- _Work instructions_
Take the line containing "voorstelling te bekijken.’" through the last line of the data and retype those lines exactly. Pictures do not belong in the copy.

--- START ---

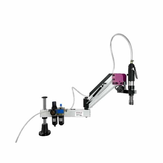 - Inklusive Schwenkarm mit großem Radius für einfaches Positionieren des Gewindebohrers am Werkstück
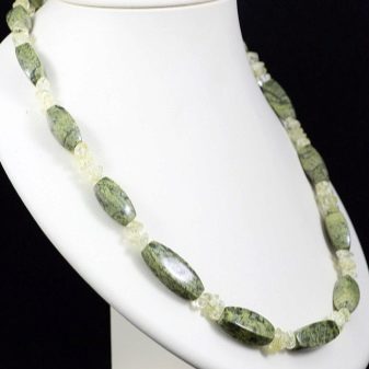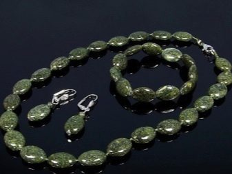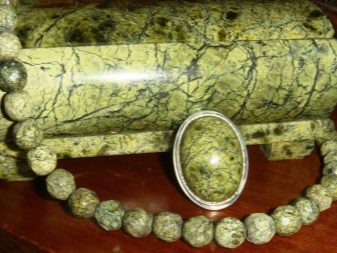 Attractive serpentine can be cut into pieces of various shapes. Most often it is cut into cabochons and beads. Such products do not have a uniform green hue, they show green, yellow and black inclusions.
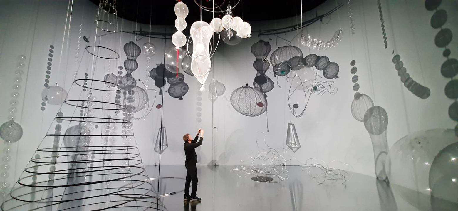 ‘Als ik wist dat Onafhankelijk Toneel daar speelde, ging ik er ‘s ochtend om tien uur al heen. Dan stond Gerrit Timmers daar de voorstelling op te bouwen en dan hielp ik mee. Het ging erom dat het altijd nog moest worden gemaakt en dat er steeds iets kon veranderen. Tegelijkertijd is decorontwerp ook een vak. Ik heb ook voor de Nederlandse Opera gewerkt en in die discipline ga je soms uit van wellustige ideeën, waarbij de vraag is hoe ver je kunt gaan. Daar bouwen ze gewoon een schaalmodel van tien meter waarvoor geschilderd, gelast en gesmeed moet worden. Dat is een ambachtelijke manier van werken, terwijl ik eerder een denkproces in het toneelbeeld waarneembaar wil maken. In 2002 maakte Gerardjan Rijnders met Toneelgroep Amsterdam de voorstelling Snaren over de snaartheorie in de natuurkunde. Daar wist ik niets van af. Ik had zo’n twintig tot vijfentwintig ideeën in mijn hoofd en om te testen welk idee relevant was vroeg ik aan Gerardjan of ik kon bepalen wanneer ik welk idee in de tekst kon integreren. Dat gebeurde. Snaren gaf mij een nieuwe ingang. Namelijk dat een toneelbeeld ook een verzameling kon zijn van ideeën, statements en metaforen. De voorstelling begon met een leeg toneel, een zwart gat. Het was doodstil in de schouwburg. Er was nog niets gebeurd. Dat hield net iets te lang aan. Toen zakte er een houten bordje in de toneelopening. Daarop stond: NIETS. Na een tijd viel de N van het woord af. In een notendop was dat de handleiding om de voorstelling te bekijken.’
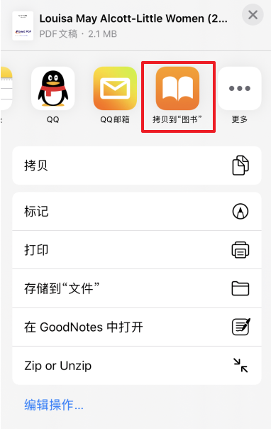 在Safari浏览器中或“文件”程序,打开PDF文件,然后点击分享按钮,选择【拷贝到“图书”】即可将PDF导入iBooks(图书)。
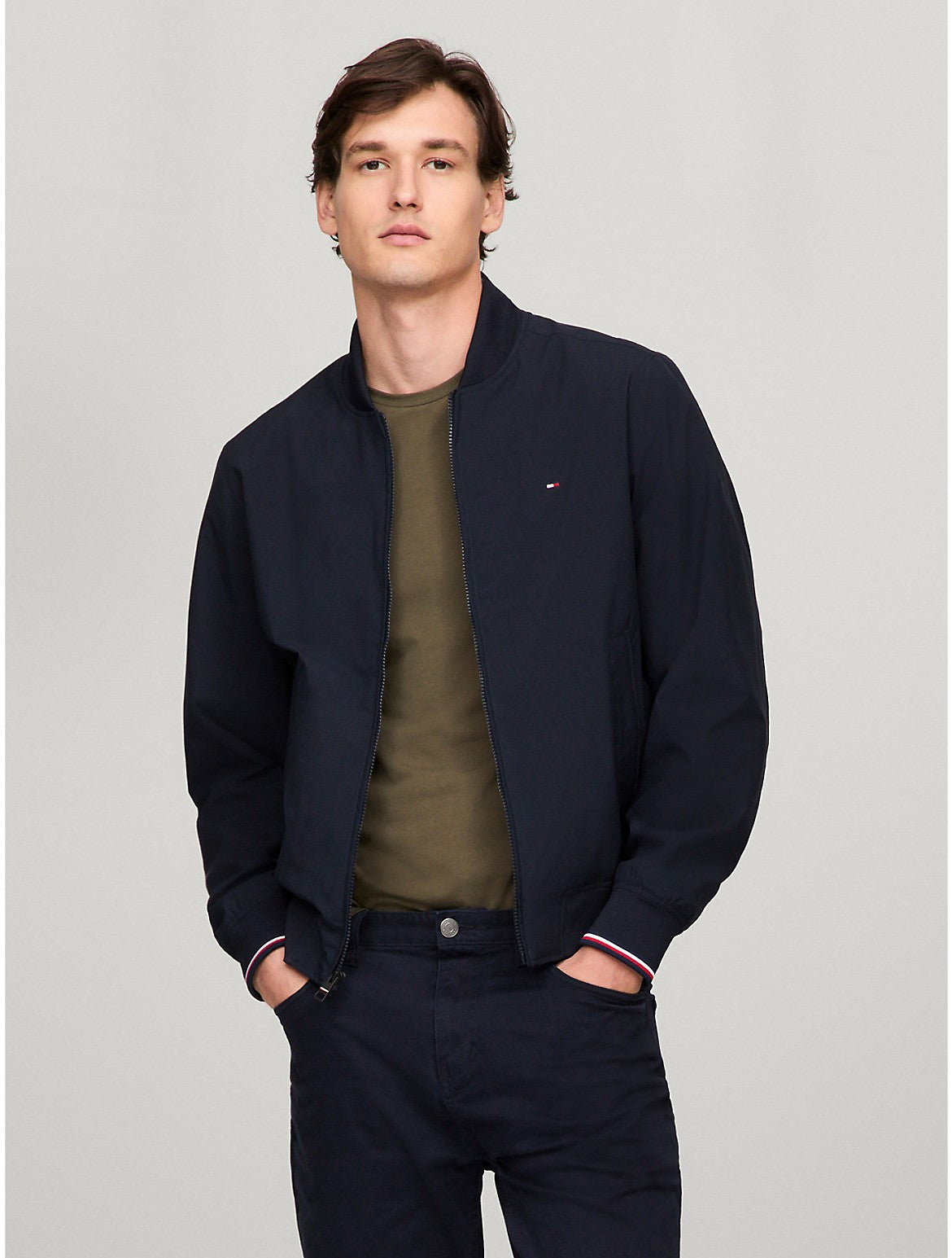 Tommy Hilfiger men's jacket. Our water-resistant jacket blends form and function in classic Tommy style. Designed to be light, super versatile, and ready to take on whatever Mother Nature throws at you. Material - 63% Recycled Polyester, 37% Thermoplastic Polyurethane.

--- END ---

- _Completed task_
 ‘Als ik wist dat Onafhankelijk Toneel daar speelde, ging ik er ‘s ochtend om tien uur al heen. Dan stond Gerrit Timmers daar de voorstelling op te bouwen en dan hielp ik mee. Het ging erom dat het altijd nog moest worden gemaakt en dat er steeds iets kon veranderen. Tegelijkertijd is decorontwerp ook een vak. Ik heb ook voor de Nederlandse Opera gewerkt en in die discipline ga je soms uit van wellustige ideeën, waarbij de vraag is hoe ver je kunt gaan. Daar bouwen ze gewoon een schaalmodel van tien meter waarvoor geschilderd, gelast en gesmeed moet worden. Dat is een ambachtelijke manier van werken, terwijl ik eerder een denkproces in het toneelbeeld waarneembaar wil maken. In 2002 maakte Gerardjan Rijnders met Toneelgroep Amsterdam de voorstelling Snaren over de snaartheorie in de natuurkunde. Daar wist ik niets van af. Ik had zo’n twintig tot vijfentwintig ideeën in mijn hoofd en om te testen welk idee relevant was vroeg ik aan Gerardjan of ik kon bepalen wanneer ik welk idee in de tekst kon integreren. Dat gebeurde. Snaren gaf mij een nieuwe ingang. Namelijk dat een toneelbeeld ook een verzameling kon zijn van ideeën, statements en metaforen. De voorstelling begon met een leeg toneel, een zwart gat. Het was doodstil in de schouwburg. Er was nog niets gebeurd. Dat hield net iets te lang aan. Toen zakte er een houten bordje in de toneelopening. Daarop stond: NIETS. Na een tijd viel de N van het woord af. In een notendop was dat de handleiding om de voorstelling te bekijken.’
 在Safari浏览器中或“文件”程序,打开PDF文件,然后点击分享按钮,选择【拷贝到“图书”】即可将PDF导入iBooks(图书)。
 Tommy Hilfiger men's jacket. Our water-resistant jacket blends form and function in classic Tommy style. Designed to be light, super versatile, and ready to take on whatever Mother Nature throws at you. Material - 63% Recycled Polyester, 37% Thermoplastic Polyurethane.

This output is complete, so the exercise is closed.